Former local government area in the UK

Winchcombe was, from 1894 to 1935, a rural district in the Cotswolds area of England. It included parts of two administrative counties: Gloucestershire and Worcestershire.

==Formation==
The rural district was created by the Local Government Act 1894 as the successor to the Winchcombe Rural Sanitary District. The rural district was governed by a directly elected rural district council (RDC), which replaced the rural sanitary authority that had comprised the poor law guardians for the area.

==Parishes==
The district consisted of twenty-nine civil parishes. Twenty-eight parishes were in Gloucestershire, while the parish of Cutsdean was a detached part of Worcestershire. In 1931 the county boundaries were altered and Cutsdean was transferred to Gloucestershire. However another parish in the rural district, Beckford, was transferred from Gloucestershire to Worcestershire at the same time. Two years later Beckford was transferred back to Worcestershire and to Evesham Rural District.

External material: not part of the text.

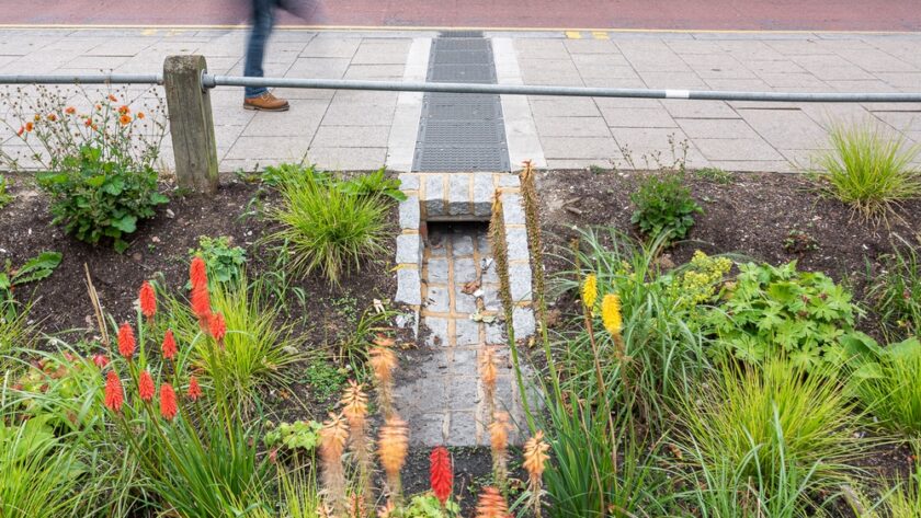 El resultado es un paisaje dinámico, en el que la ausencia de automóviles proporciona una valiosa ruta segura hacia la escuela; permite nuevos eventos comunitarios y fomenta el juego, al tiempo que recolecta, trata y almacena el agua de lluvia para reducir las inundaciones y la contaminación de los ríos. Eso es un jardín de lluvia, un proyecto de drenaje sostenible con gran valor social y medioambiental.
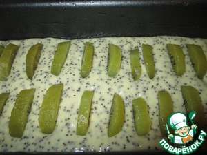 Вылить в неё тесто, и кружочки киви воткнуть в два ряда, достаточно близко друг от друга.

The following parishes were in the district:

- Alderton
- Alstone
- Beckford (until 1931)
- Bishop's Cleeve
- Buckland
- Charlton Abbots
- Cutsdean
- Didbrook
- Dumbleton
- Gotherington
- Great Washbourne
- Guiting Power
- Hailes
- Hawling
- Little Washbourne
- Pinnock and Hyde
- Prescott
- Roel
- Snowshill
- Southam and Brockhampton
- Stanley Pontlarge
- Stanton
- Stanway
- Sudeley Manor
- Temple Guiting
- Toddington
- Winchcombe
- Woodmancote
- Wormington

==Abolition==
Under the Local Government Act 1929 county councils were given the duty of reviewing the districts within their county. The County of Gloucester Review Order 1935 came into effect on 1 April 1935, and led to the abolition of a number of small urban and rural districts in the county. Winchcombe Rural District was dissolved, with its area redistributed between Cheltenham Rural District and a new North Cotswold Rural District.